With just access to architecture manuals (and sometimes factory benchmark analysts), Advanced Processor Research Ltd. employs its broad experience and intuitive understanding of high performance computing (HPC) issues and hardware, to assimilate the equivalent of six months of hands on experience in a short time frame. This is especially valuable with recently released or beta hardware where there is little or no industry experience to draw on.
In support of Advanced Processor Research Ltd. claim of an intuitive understanding of high performance computing (HPC) issues and hardware, below are some brief results of Advanced Processor Research Ltd.'s first encounters with a variety of architecture classes.

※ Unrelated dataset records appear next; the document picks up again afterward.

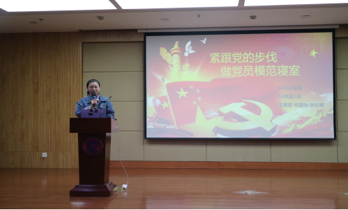 本次比赛首先由14个“党员模范寝室”候选代表依次现场展示本寝室的成员现状、学风建设、寝室环境和寝室特色。她们说:“图书馆是她们的第二个家,要努力吸取外界的优质养分,向着红色的光,野蛮生长。”在寝室一方寸土上,他们互相取暖,互相鼓励;在学习的路上,他们砥砺前行,团结奋进;在工作的岗位上,他们同舟共济,积极奉献;在红色的梦想里,严于律己,踏实肯干。他们在前进的路上负重前行,收获颇丰,一份份荣誉证书,一次次奖学金,一回回社会实践和参与比赛,诠释着一颗颗永向党的初心。
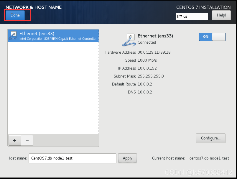 - ?配置网络和主机名,点击NETWORK & HOST NAME
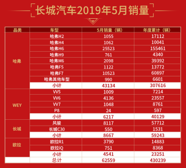 6月11日,长城汽车公布2019年5月产销数据。今年5月,长城汽车共销售新车62559辆,其中哈弗、WEY、欧拉和长城皮卡分别交出43134辆、6217辆、4541辆以及8117辆的销量成绩单。今年1-5月,长城汽车销量突破43万辆,达430239辆,同比增长5.11%。在竞争愈发残酷的市场环境下,长城汽车依旧保持了稳定的表现,用实际行动为中国汽车品牌向上发展注入强心剂。
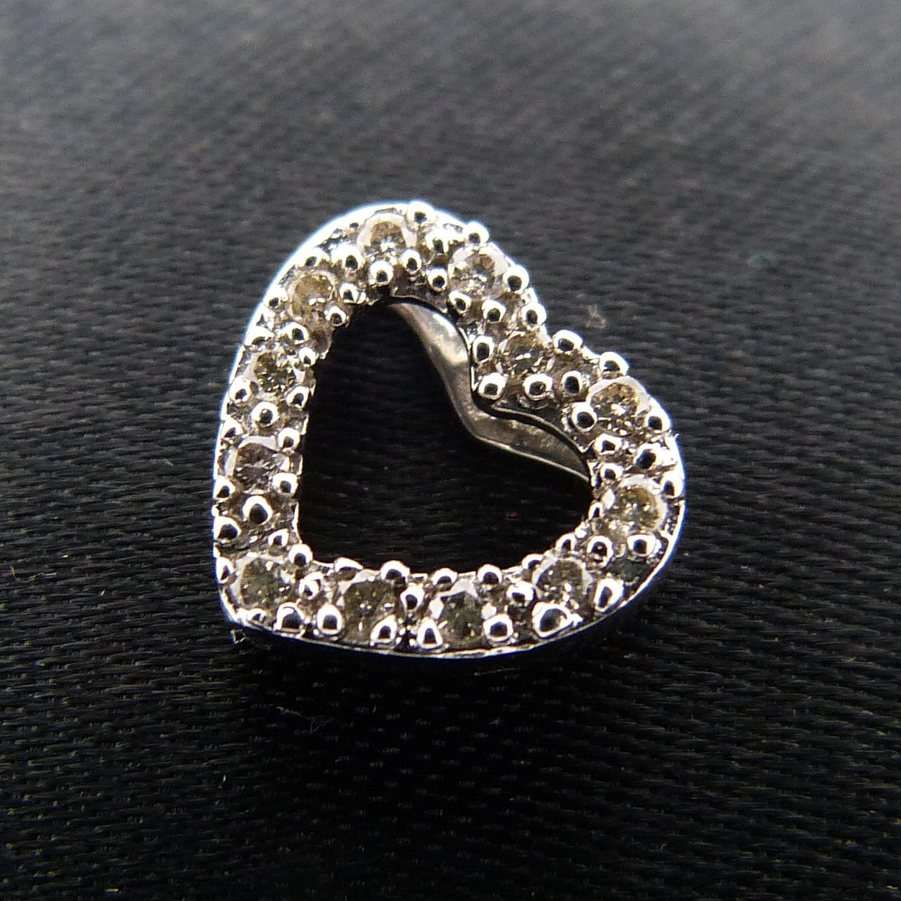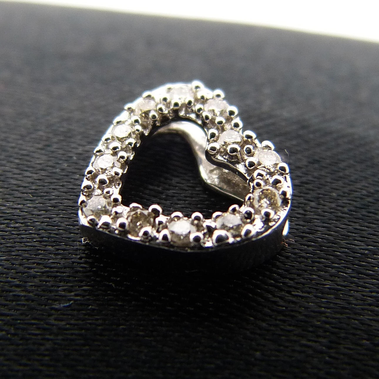 Ett 9k vitguld diamant-set hjärtformat hänge.
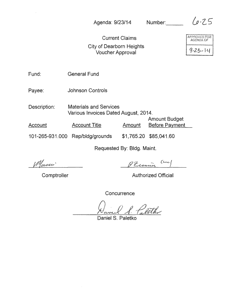 Number: Agenda: 9/23/14 Current Claims City of Dearborn Heights Voucher ApprovalFund:General Fundraise:Johnson ControlsDescription:Materials and Services Various Invoices Dated August 2014. Amount
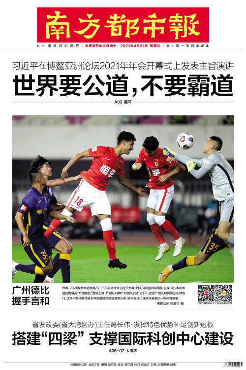 昨晚,2021赛季中超联赛在广州天河体育中心拉开大幕,约3万球迷到场观看。当晚8时,本届中超的揭幕战“广州德比”激情上演,广州队对阵广州城队以2:2打平。这是广州队球员阿兰头球攻门。这场中超揭幕战
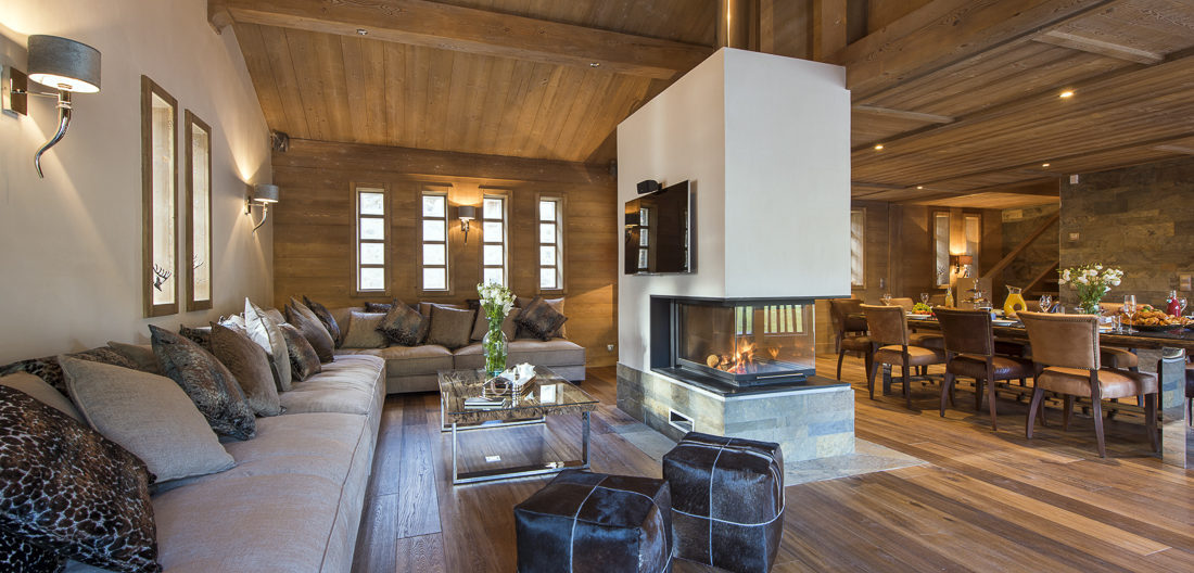 LIVING SPACES The bright, airy open-plan living and dining area commands breathtaking views of Mount Tovière. An expansive L-shaped sofa faces an impressive fireplace, creating the perfect gathering spot for families to unwind following exhilarating days on the slopes. Dining at Chalet Ambre becomes an elegant occasion beneath a beautiful chandelier suspended over the generous table seating ten in comfort. Guests enjoy satellite television and premium Bose audio throughout.
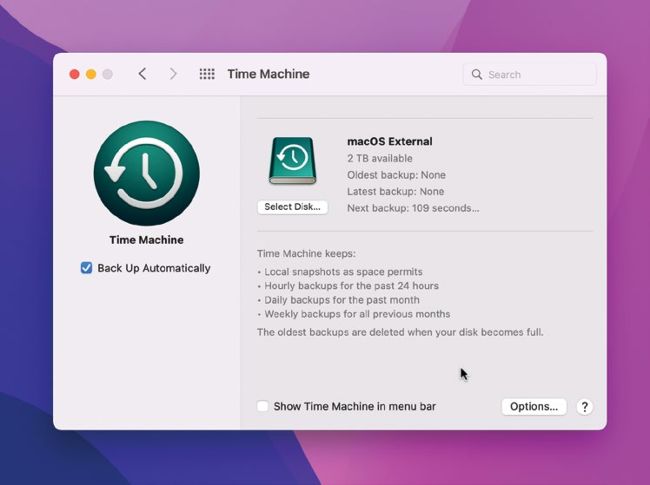 When the Time Machine disk has been selected, the ‘Back Up Automatically’ option will be ticked. Leave this on. Now wait for your Mac to back up, which may take a while.
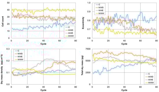 Kinetics of representative phenotypic parameter for untreated HeLa cells, and cells exposed to fractions for 20 h. MWD (dichloromethane fraction) = 0.043 µg/mL; MWE (ethyl acetate fraction) = 0.125 µg/mL; MWW (water fraction) = 0.215 µg/mL. C: untreated cells.
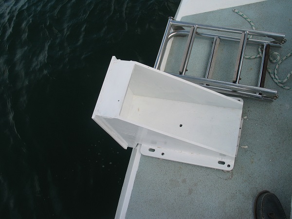 Et enfin si c'était à refaire je ferais un système basculant autour des deux vis le plus à l'intérieur de la jupe! ce régulateur est très bien mais c'est lourd comme un âne mort et délicat à installer/démonter au dessus de l'eau. cela serait plus facile basculé à l'horizontal.
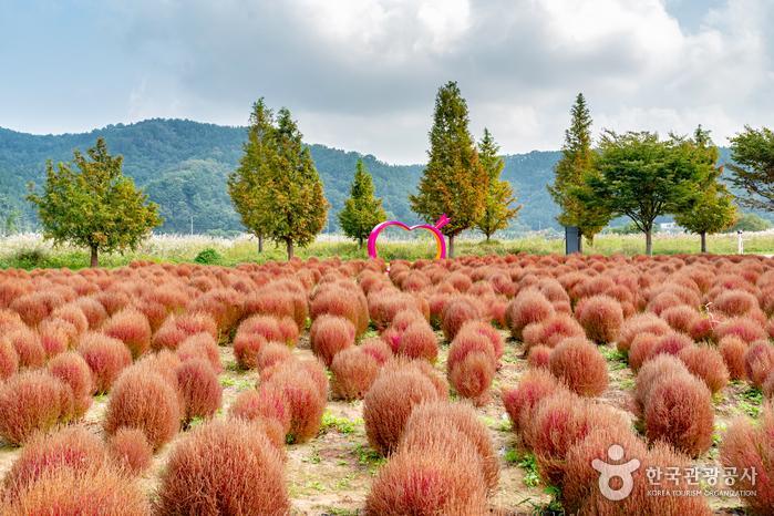 생소한 이름의 댑싸리는 사실 알고 보면, 우리가 예전에 집안에서 쓰던 싸리비의 재료로 알려진 친숙한 식물이다. 1년생 초본 식물로 7~8월 한여름에는 짙은 초록빛을 띠고 있다가 가을이 시작되는 9월 중하순부터는 붉은빛으로 색깔이 점점 변하고 나중에는 완전한 갈색으로 변하게 된다. 초가을 시즌 시기를 잘 맞춰 댑싸리 군락지 방문을 한다면, 알록달록 붉게 변해가는 댑싸리의 예쁜 풍경을 만날 수 있지만, 자칫 시기를 놓친다면, 어두운 갈색빛의 댑싸리만 볼 확률이 높으니 만약 댑싸리를 보러 갈 목적이라면 방문 타이밍을 제때 맞추는 것이 관건이다.
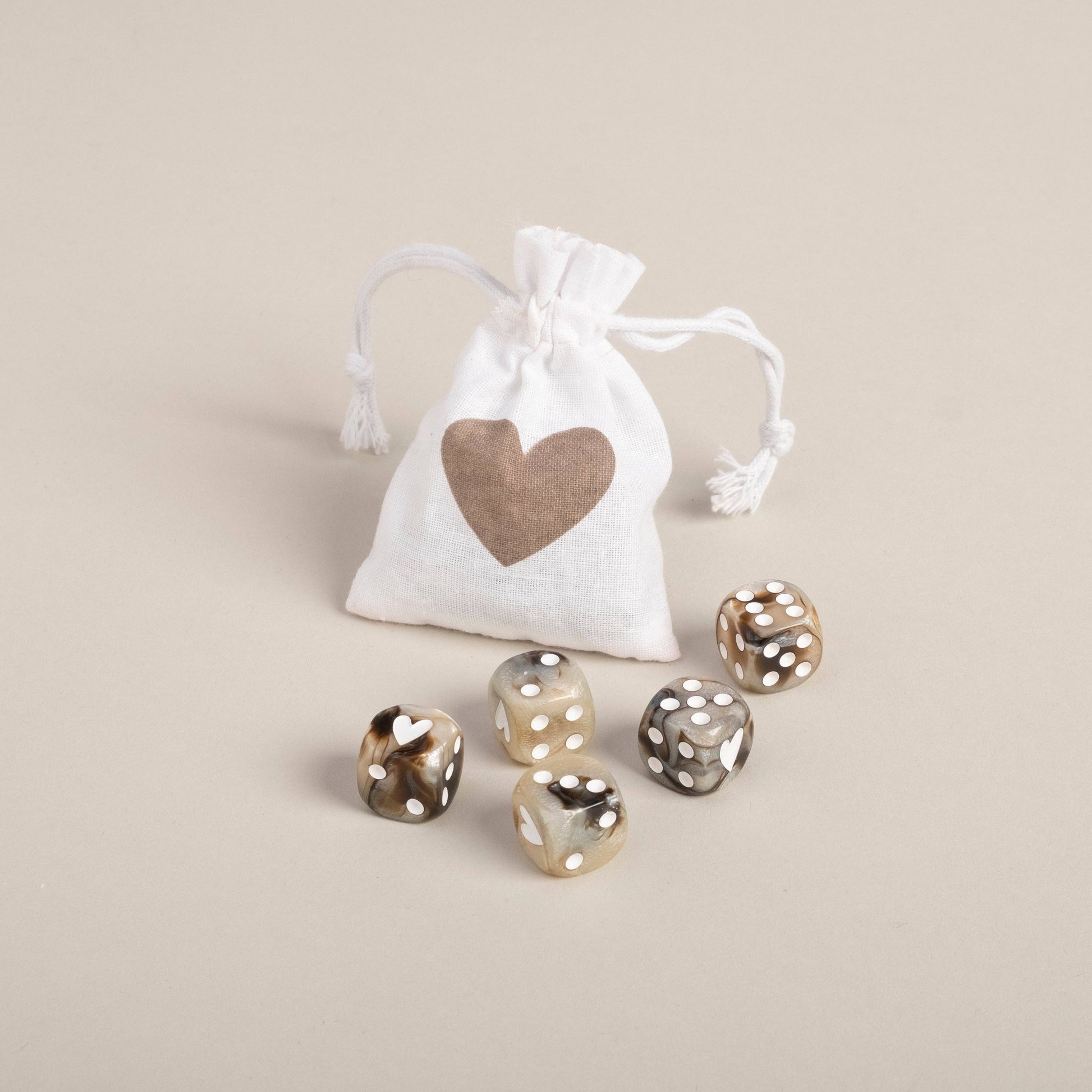 De charmante hartjes die de één op elke dobbelsteen sieren, maken ze echt een blikvanger. En het beste is: met het meegeleverde stoffen zakje met hartjesprint zijn de dobbelstenen altijd binnen handbereik en perfect voor onderweg.
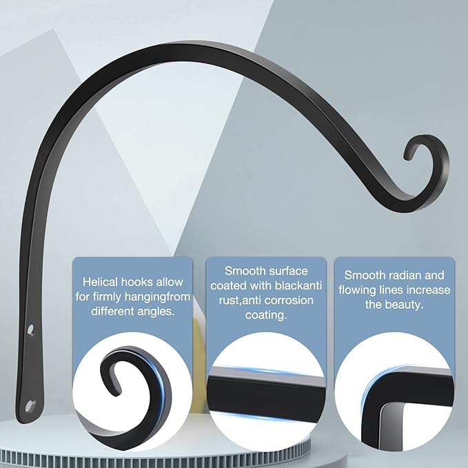 - 【Appearance & Technology】The hanging plant brackets adopt high-quality forging technology, with long and smooth lines. The C-shaped curve shape and black coating give them an elegant and retro feeling, which will make your courtyard more beautiful and charming. The black appearance of the wall plant hanger not only matches well with the wall, but also with the hanging decorations.
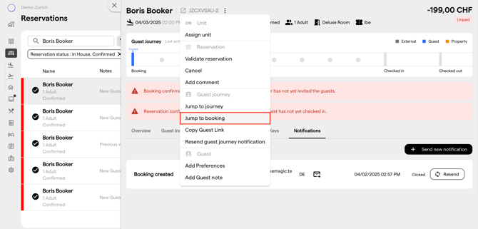 To intervene as a Host, search for the reservation within the Operations Platform and click “Jump to Booking Overview”:
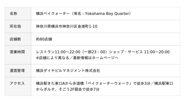 ※イベント内容は予告なく中止・変更となる場合があります。最新情報は横浜ベイクォーターホームページをご確認ください。
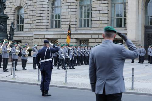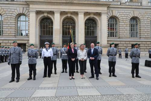 Anlässlich des 75. Jubiläums des Grundgesetzes fand heute das erste öffentliche Gelöbnis vor dem Abgeordnetenhaus von Berlin statt. Rund 30 Rekrutinnen und Rekruten des Wachbataillons beim Bundesministerium der Verteidigung (WachBtl BMVg) legten ihren Diensteid und das Treuebekenntnis zur Rechts- und Werteordnung der Bundesrepublik Deutschland ab und wurden damit Teil der Parlamentsarmee. Zu den circa 140 Gästen gehörten Vertreterinnen und Vertreter aus Politik, Glaubensgemeinschaften und Gesellschaft sowie Angehörige der Rekruten.
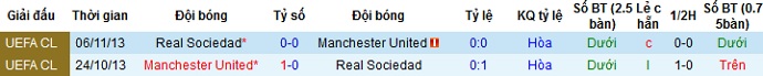 Trong lịch sử hai đội đã từng chạm trán nhau cách đây 7 năm tại cúp C1 châu Âu nhưng Manchester United chỉ vượt qua đối thủ với tổng tỷ số 1-0 sau 2 lượt trận. Rõ ràng Sociedad không phải đội bóng dễ bị đánh bại ngay trên sân nhà của họ, và với phong độ không thật cao của Manchester United thì chọn cửa dưới ở trận đấu này vẫn là phương án an toàn.

Contracted to support end use clients at a startup high performance computing (HPC) center. None of the staff had previous long vector super computer experience. Some years prior, APR had studied IBM vector processor unit architecture documents for interest and as a learning experience, done paper and pencil implementations of various key scientific high performance computing (HPC) kernels. In this startup environment, Advanced Processor Research Ltd. was the only party to basically "hit the deck running", to the benefit of the new center's clients.
Later, as a site user, noticing an over-dependence on concurrency to parallelize computations in vendor supplied system high performance computing (HPC) library codes, Advanced Processor Research Ltd. undertook to assembly code (with full software pipelining) the BLAS (Basic Linear Algebra Subprograms) suite. A further application of assembly code (with full software pipelining) to redevelop vendor FFT library codes produced a speed up of FFTs under 1K by 2X or more and FFTs over 1K approximately 1.67X.
Contracting to a startup hardware vendor, APR Ltd. implemented a seismic Dip Move-Out (DMO) benchmark for an end use customer which exceeded 90% utilization of theoretic floating point capacity.
Contracting to end use customer, benchmarked (for production use), Kirchoff time migration on new SMP machines from two different vendors. Achieved greater than 99.7% scalability on a wide (24 CPU) SMP. Peer review of code kernel by benchmark specialist from second vendor concluded "Under the constraints set by client, we can not improve on (Advanced Processor Research Ltd.'s) result". Reviewer and APR had both recommended some methodological changes which the client was unwilling to test.
Concurrently with this benchmarking project, APR developed an intuitive SMP driver for the client's application programmers. The SMP driver paradigm provides a model that shows application programmers how to efficiently partition and schedule application subtasks.